HRV (heart rate variability) is a measure of the health of our nervous system function. It’s not just a measure of your actual heart rate or resting heart rate, but a measure of the different length of time that occurs between each beat of your heart. The more regular or metronomic your heart beat, the unhealthier or fatigued your system is; the bigger the variation in time between each heart beat, the healthier or more well-recovered your system is.

Whoop or the Oura Ring are two common methods to measure HRV. I’m on Team Whoop, and check in with my recovery and sleep scores each morning, trying my best to live a life that promotes healthy overnight recovery. I’ve noticed things that encourage good recovery and hence a healthier functioning nervous system include a good night’s sleep, a regular bed time, zero alcohol, a chiropractic adjustment, massage therapy, and low exercise strain the day before. Meanwhile, excess alcohol, poor sleep and excessive exercise tend to promote a poorer recovery.

If you take a look at my recovery scores below, it’s interesting to note there’s a 6% benefit on the days I visit the chiropractor. However, you can also see below that the score noted by other “similar members” is neutral at 0%. When I get an adjustment, I’m pain-free and doing it for performance and wellbeing benefits rather than to manage pain or symptoms.
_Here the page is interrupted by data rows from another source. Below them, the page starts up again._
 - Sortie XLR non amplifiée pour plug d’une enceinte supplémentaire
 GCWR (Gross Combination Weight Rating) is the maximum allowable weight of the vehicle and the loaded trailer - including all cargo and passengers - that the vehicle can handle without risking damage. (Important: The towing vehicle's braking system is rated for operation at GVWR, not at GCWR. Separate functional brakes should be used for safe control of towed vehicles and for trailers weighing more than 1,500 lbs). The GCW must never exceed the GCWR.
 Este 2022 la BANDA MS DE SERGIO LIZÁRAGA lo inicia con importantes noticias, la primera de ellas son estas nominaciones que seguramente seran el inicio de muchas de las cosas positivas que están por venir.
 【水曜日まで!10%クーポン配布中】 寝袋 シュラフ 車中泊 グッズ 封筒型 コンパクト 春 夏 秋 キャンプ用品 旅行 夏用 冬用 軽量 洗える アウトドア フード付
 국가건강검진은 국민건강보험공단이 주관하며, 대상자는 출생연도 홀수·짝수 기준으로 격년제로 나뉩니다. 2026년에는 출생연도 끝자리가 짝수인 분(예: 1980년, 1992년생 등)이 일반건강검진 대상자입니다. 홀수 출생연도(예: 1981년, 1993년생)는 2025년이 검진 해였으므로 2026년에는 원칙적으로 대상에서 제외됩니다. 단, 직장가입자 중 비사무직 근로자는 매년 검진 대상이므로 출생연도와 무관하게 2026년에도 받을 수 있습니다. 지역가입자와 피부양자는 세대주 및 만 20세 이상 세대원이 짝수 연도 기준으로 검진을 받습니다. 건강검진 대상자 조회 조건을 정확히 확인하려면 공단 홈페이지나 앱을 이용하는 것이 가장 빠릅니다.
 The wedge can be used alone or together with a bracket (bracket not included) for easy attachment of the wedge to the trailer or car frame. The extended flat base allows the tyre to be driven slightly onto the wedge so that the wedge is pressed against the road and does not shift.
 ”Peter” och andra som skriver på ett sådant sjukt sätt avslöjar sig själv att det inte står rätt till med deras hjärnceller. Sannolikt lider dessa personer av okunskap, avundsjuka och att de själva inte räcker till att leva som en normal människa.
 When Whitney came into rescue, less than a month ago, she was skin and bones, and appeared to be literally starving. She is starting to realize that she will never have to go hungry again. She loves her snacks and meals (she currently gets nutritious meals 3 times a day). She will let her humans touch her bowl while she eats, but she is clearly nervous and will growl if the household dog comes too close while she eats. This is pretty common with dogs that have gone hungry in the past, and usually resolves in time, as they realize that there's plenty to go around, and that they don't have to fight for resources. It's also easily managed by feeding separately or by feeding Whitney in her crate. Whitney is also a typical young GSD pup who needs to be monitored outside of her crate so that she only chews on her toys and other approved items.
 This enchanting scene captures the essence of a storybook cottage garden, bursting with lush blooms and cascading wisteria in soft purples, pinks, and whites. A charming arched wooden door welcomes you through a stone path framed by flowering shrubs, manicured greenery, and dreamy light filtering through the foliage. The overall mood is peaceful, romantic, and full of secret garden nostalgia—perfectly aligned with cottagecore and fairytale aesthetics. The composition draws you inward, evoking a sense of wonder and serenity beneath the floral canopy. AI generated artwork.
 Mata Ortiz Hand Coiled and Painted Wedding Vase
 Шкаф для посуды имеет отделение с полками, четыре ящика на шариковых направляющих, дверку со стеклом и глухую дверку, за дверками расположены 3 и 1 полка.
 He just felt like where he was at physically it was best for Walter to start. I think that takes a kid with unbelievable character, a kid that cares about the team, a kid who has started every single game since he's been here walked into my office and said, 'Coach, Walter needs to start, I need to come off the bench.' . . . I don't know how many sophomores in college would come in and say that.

So my theory is it’s possible those “similar members” may be using a chiropractor to help with the latter, hence their system is under stress and they receive less benefit in their recovery score than I do.
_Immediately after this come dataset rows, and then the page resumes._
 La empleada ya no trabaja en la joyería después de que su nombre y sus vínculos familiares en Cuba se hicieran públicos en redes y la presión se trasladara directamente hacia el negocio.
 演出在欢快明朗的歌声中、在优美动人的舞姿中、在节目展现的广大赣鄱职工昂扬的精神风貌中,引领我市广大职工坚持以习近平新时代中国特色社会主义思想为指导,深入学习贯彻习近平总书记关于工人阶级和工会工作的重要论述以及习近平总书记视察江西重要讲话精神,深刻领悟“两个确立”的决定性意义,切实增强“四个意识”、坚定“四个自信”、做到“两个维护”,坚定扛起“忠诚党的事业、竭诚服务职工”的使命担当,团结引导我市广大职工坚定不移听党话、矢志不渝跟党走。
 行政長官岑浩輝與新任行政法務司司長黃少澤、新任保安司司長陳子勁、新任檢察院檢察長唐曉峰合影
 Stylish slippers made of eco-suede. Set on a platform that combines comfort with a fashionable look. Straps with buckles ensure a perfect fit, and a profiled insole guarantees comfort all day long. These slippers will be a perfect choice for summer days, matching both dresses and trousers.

Most people use Whoop for training and testing their recovery scores, or for sleep analysis to determine the hours of REM or deep sleep. As a training tool, I tend not to place too much focus on the scores, but if I get a super-low reading, I’ll maybe put off a large ride or training session to the following day to avoid maximum overload. If its ‘game day’, I’ll try not to let it negatively impact my mental preparation for the event, knowing I’ve done all I can to prepare properly.

I find the main benefit is to encourage me to minimise the activities I know negatively impact my function or performance. I’ll aim to have a night out on the booze when I know I have a lighter or non-race day the next day, and I’ll try to get to bed at 10pm as opposed to 11pm to aid my overnight recovery.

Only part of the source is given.